*GIVEN INFORMATION*
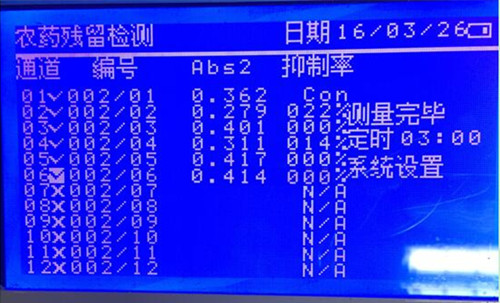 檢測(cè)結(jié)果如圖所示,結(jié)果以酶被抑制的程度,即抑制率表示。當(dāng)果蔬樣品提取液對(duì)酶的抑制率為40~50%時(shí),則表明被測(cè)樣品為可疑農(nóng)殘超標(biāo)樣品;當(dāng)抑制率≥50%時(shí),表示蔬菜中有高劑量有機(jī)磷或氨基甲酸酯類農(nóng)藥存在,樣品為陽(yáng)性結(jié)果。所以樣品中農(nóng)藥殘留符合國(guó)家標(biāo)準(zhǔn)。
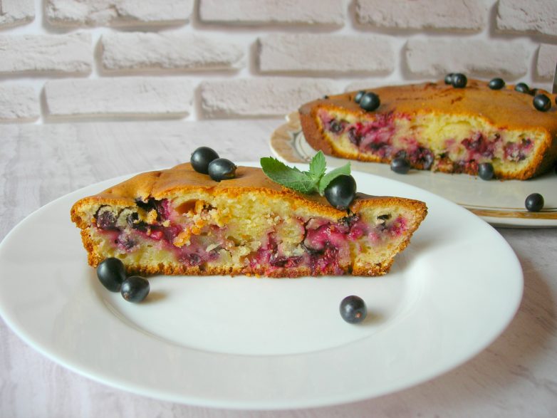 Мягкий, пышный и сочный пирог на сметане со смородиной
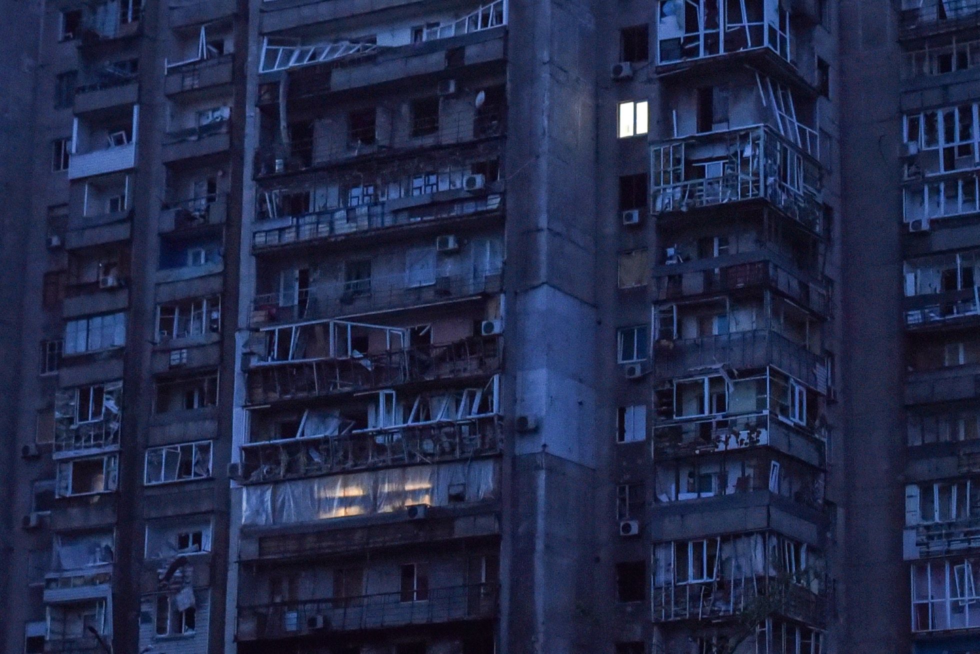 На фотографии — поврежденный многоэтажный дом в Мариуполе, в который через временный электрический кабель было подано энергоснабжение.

*REQUIRED WORK*
When you reach a picture, pass over it; write out all other material exactly.

*REPLY TO THE TASK*
 檢測(cè)結(jié)果如圖所示,結(jié)果以酶被抑制的程度,即抑制率表示。當(dāng)果蔬樣品提取液對(duì)酶的抑制率為40~50%時(shí),則表明被測(cè)樣品為可疑農(nóng)殘超標(biāo)樣品;當(dāng)抑制率≥50%時(shí),表示蔬菜中有高劑量有機(jī)磷或氨基甲酸酯類農(nóng)藥存在,樣品為陽(yáng)性結(jié)果。所以樣品中農(nóng)藥殘留符合國(guó)家標(biāo)準(zhǔn)。
 Мягкий, пышный и сочный пирог на сметане со смородиной
 На фотографии — поврежденный многоэтажный дом в Мариуполе, в который через временный электрический кабель было подано энергоснабжение.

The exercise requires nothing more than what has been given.